In the field of robotics, legged machines have garnered significant attention due to their superior mobility over rough and unstructured terrains compared to wheeled or tracked vehicles. However, many quadruped robots face challenges such as low speed, uncoordinated gaits, poor stability, and limited adaptability to diverse environments, often stemming from suboptimal leg length and gait parameter designs. To address these issues, I draw inspiration from nature, specifically the locomotion of turtles and goats, to develop a bionic robot capable of both walking and crawling modes. This dual-mode design enhances the robot’s versatility, allowing it to operate effectively on hard surfaces like rocky paths and soft terrains such as sand or mud. The core of this work involves optimizing the structural parameters of the legs and gait parameters to balance speed and stability, utilizing kinematic modeling, MATLAB-based analysis, and ADAMS simulations for validation.
The bionic robot is designed with a body that houses power components and four independently actuated legs attached to its sides. Each leg features a serial structure with three rotational degrees of freedom: a rotation joint at the hip (for mode switching), a hip joint for thigh movement, and a knee joint for calf movement. The foot consists of two rubber wheels to increase traction. This configuration enables the robot to emulate the crawling gait of turtles, where the body remains in contact with the ground for stability on soft surfaces, and the walking gait of goats, which offers agility on hard terrain. The mechanical design prioritizes lightweight materials and compact actuators to ensure efficiency.
This image illustrates the conceptual design of the bionic robot, highlighting its leg structure and dual-mode capability. By mimicking biological systems, this bionic robot aims to achieve robust performance across various environments.

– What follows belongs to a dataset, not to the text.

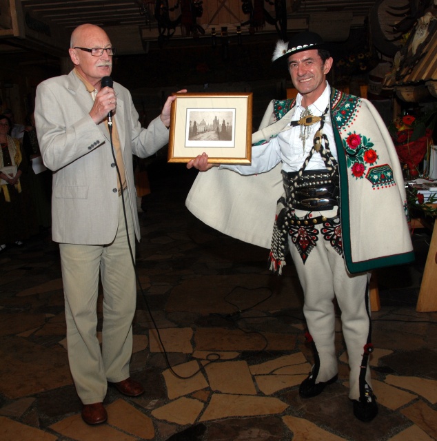 20. Prof. Władysław Pierzchała prezentuje i wręcza B. Orawcowi rycinę „Solidarność Słowacka”.
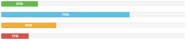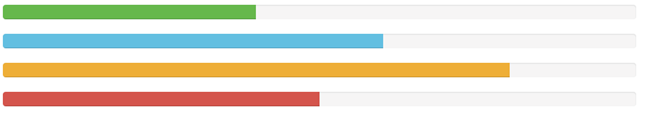 <div class="progress"> <div class="progress-bar progress-bar-success" style="width:40%"></div> </div> <div class="progress"> <div class="progress-bar progress-bar-info" style="width:60%"></div> </div> <div class="progress"> <div class="progress-bar progress-bar-warning" style="width:80%"></div> </div> <div class="progress"> <div class="progress-bar progress-bar-danger" style="width:50%"></div> </div>

To analyze and control the bionic robot’s motion, I establish a kinematic model for a single leg using the Denavit-Hartenberg (D-H) method. For the right front leg, coordinate frames are assigned at the rotation joint (base frame {o}), hip joint {o1}, knee joint {o2}, and foot tip {op}. The D-H parameters are summarized in Table 1, where $l_0$, $l_1$, and $l_2$ represent the lengths of the rotation link, thigh, and calf, respectively; $\alpha_{i-1}$ is the twist angle; $d_i$ is the link offset; and $\theta_i$ is the joint variable.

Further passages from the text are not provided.